Thursday, July 10, 2014

Between Victoria and Gatwick Or The Bearer Of Good News



As students we never had enough money, so when we were accepted to graduate school at  the University of Toronto, getting there from Israel was a challenge. We looked for a cheap flight and were lucky: a year earlier in 1977, the British enterpreneur Freddy Laker started the first low-cost, "no frill" airline, operating low-fare scheduled services between London Gatwick Airport and New York's John F. Kennedy Airport.

The option of booking tickets in advance did not exist, and in order to board a flight one had to line up for a ticket in one of the two Laker Airways centers --in Victoria Station and at Gatwick Airport.  We arrived at Victoria with our suitcases; the line for tickets was very long and we were told that we might be able to catch a flight in two days time. Efficiently people got organized into groups and each one had a coordinator who was in charge of communicating with the airline.  Since there so many people waiting, some  groups camped around the station in an orderly fashion.

My husband Tzvi and I didn’t look forward to the possibility of spending two days camping in the street. We asked our coordinator if he knew anything about the line at the other ticket center at  Gatwick Airport. He didn't, but said that he assumed that it was the same thing. We decided to check for ourselves; Tzvi took a  train to Gatwick and I stayed with the suitcases in Victoria. It took several hours but then he came back bearing good news: the line in Gatwick was short, there was a spacious waiting area,  and we could fly to NY that same night.

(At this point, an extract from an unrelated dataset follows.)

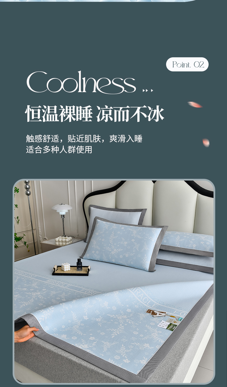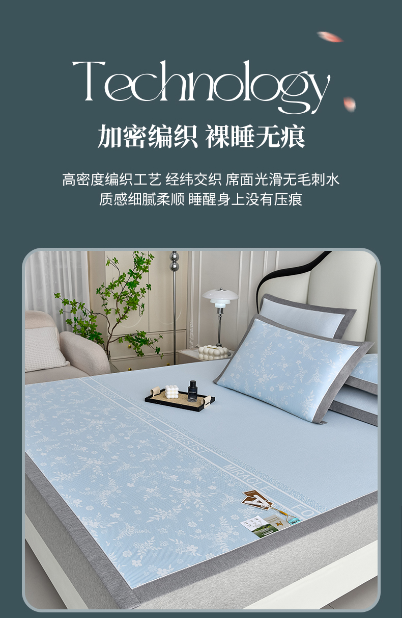 商品名称:小牛席业 2025新款半定位小提花凉感冰丝席系列凉席藤席冰藤双面席冰丝席竹席凉席空调席草席三件套 蓝色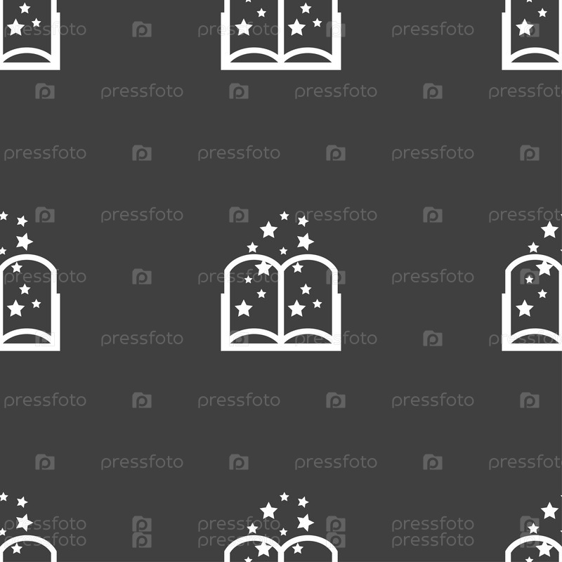 Магическая книга символ. Бесшовный узор на сером фоне. Вектор

We were delighted and anxious to share this piece of good news with the rest of the. We were convinced that many people would choose to take the train to Gatwick. We were wrong, no one did, the two of us left and everyone else stayed behind.

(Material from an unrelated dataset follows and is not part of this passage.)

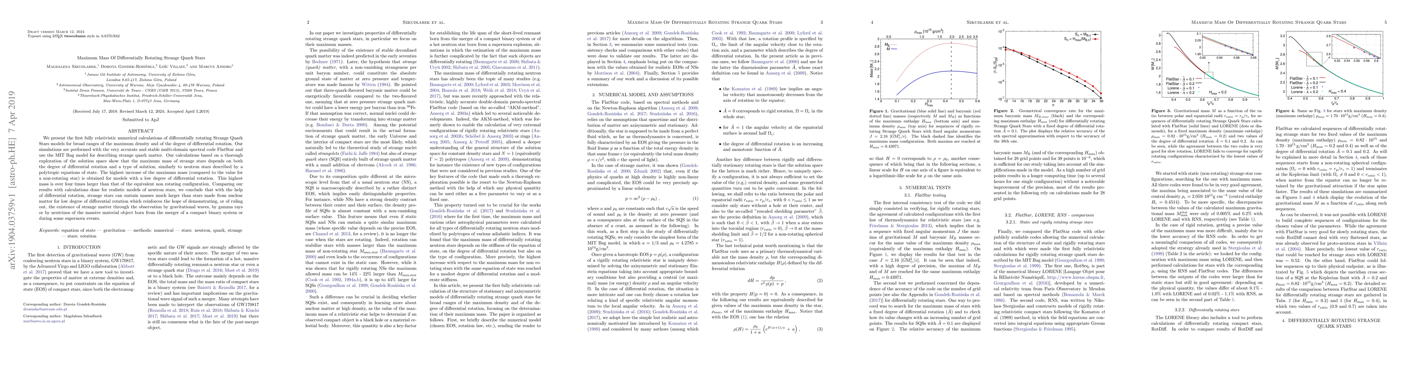 This paper presents the first fully relativistic numerical calculations of differentially rotating strange quark stars, showing that their maximum mass depends on both the degree of differential rotation and the type of solution. The highest mass is over four times greater than that of a non-rotating star, suggesting that differential rotation can significantly increase the mass of strange stars, potentially aiding in their detection through gravitational waves or other astrophysical observations.

The real reason why no one joined us remains a mystery, I still cannot understand why people preferred to remain outside the station in the heat and pollution of London in August.

But I could specualte, perhaps they didn’t believe us, most of them were Americans and we were strangers and spoke with a foreign accent. The sociologist Georg Simmel defines  "‘stranger’ as a person who comes today and stays tomorrow, whose position in a group is determined, essentially, by the fact that he has not belonged to it from the beginning, that he imports qualities into it which do not and cannot stem from the group itself."  Thus even though we were part of a group, we were viewed with suspicion.

Another reason could be that they felt comfortable and safe within their group and didn’t want to leave; it could be that no one wanted to be the first to go so they all stayed with their group.

Sometimes when I encounter people who are reluctant to do the one thing that, I believe, will get them out of a difficult spot, like leaving an abusive relationship, or quitting a job which they hate, I think of the Victoria vs Gatwick  story and reminded once more that what seems clear to me could be far from obvious to someone else.